No, the plans were not fraudulent, and there was no defect. I don't know why you'd expect to not pay for a service and then receive it.
(There is a side issue, which is that once one became sick, it was common for insurers to try to demonstrate that one had defrauded them, and was therefor ineligible for insurance--but that's a separate issue).
> It didn't vanish when the patient became unprofitable
Yes it did. That was one of the "dirty tricks" pointed out in OP's article. The insurance company would intentionally enter contracts that the customer had already violated (by inevitably messing up somewhere in their paperwork). So long as the customer was profitable, they would take their money, ignoring the paperwork errors. If a customer became non-profitable, they would dig out the errors and kick the customer out of the plan.
And then the opportunity to buy care from anyone else also vanished.
> No, the plans were not fraudulent
Fraud is "A false representation of a matter of fact .. practiced in order to secure unfair or unlawful gain." Companies accepted money to insure a customer while secretly and intentionally retaining the option to drop them even if they stayed within the agreed-upon limits. If that isn't fraud I don't know what is. The act of accepting their money was the false representation of fact. I used a shocking word because the practice itself is shocking.
Rescission was vanishingly rare. Regardless, it is a side issue, since it's not what the quote from the USA Today article was discussing. New York may have outlawed rescission too, but it was the requirement that "insurance" be available to purchase when you're already sick that made their pre-ACA premiums so high.
Yes, and those vanishingly rare cases were the most expensive ones.
My point was that the latter was partially caused by the former along with every other mechanism of dumping undesirable patients on the open market. I suspect the major one is the exploitation of the fact that most people will underestimate the extent to which high health costs correlate with decreased income and a higher rate of premium lapse. It won't be counted as "rescission" even though the industry benefits from it (and the people hurt because of it) in exactly the same way.
These mechanisms might not constitute the entirety of the central issue, but they certainly account for a healthy chunk of it.

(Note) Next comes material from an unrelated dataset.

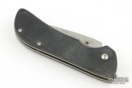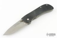 This Savant by REKAT features a stonewashed blade with single thumbstud. The handle has black G-10 scales, stainless steel liners and tip down pocket clip. These knives feature the patented Rolling Lock Blade Locking System. Designed by Pat Crawford. Excellent Condition.
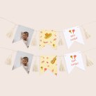 Deze slinger van 16 dubbelzijdige wimpels, passend bij de uitnodigingskaart die je hebt gekozen, is te personaliseren met de naam van je kind, de datum van zijn/haar verjaardag, foto en een eigen tekst.

New York's announcement this week that insurance premiums would drop 50% next year for individuals buying their own coverage in new online marketplaces made good talking points for proponents of the Affordable Care Act, but consumers in most states are unlikely to see similar savings.
That's because only a handful have New York's rules, which — like the federal law — bar insurers from rejecting people with health problems. Unlike the federal law, however, New York does not require consumers to purchase coverage, so over time, mainly older, sicker people, have purchased coverage. That drove up prices and discouraged younger, healthier people from buying policies, as did a requirement that insurers charge the same rates regardless of age or health status.
As a result, premium prices listed for individuals often top $1,000 a month for some New Yorkers buying their own coverage, making the state's rates among most expensive in the nation.
http://www.usatoday.com/story/news/politics/2013/07/20/kaise...
And the old New York model of a lousy risk pool with unaffordable premiums is where ACA is potentially headed if the individual mandate "tax" isn't given much teeth.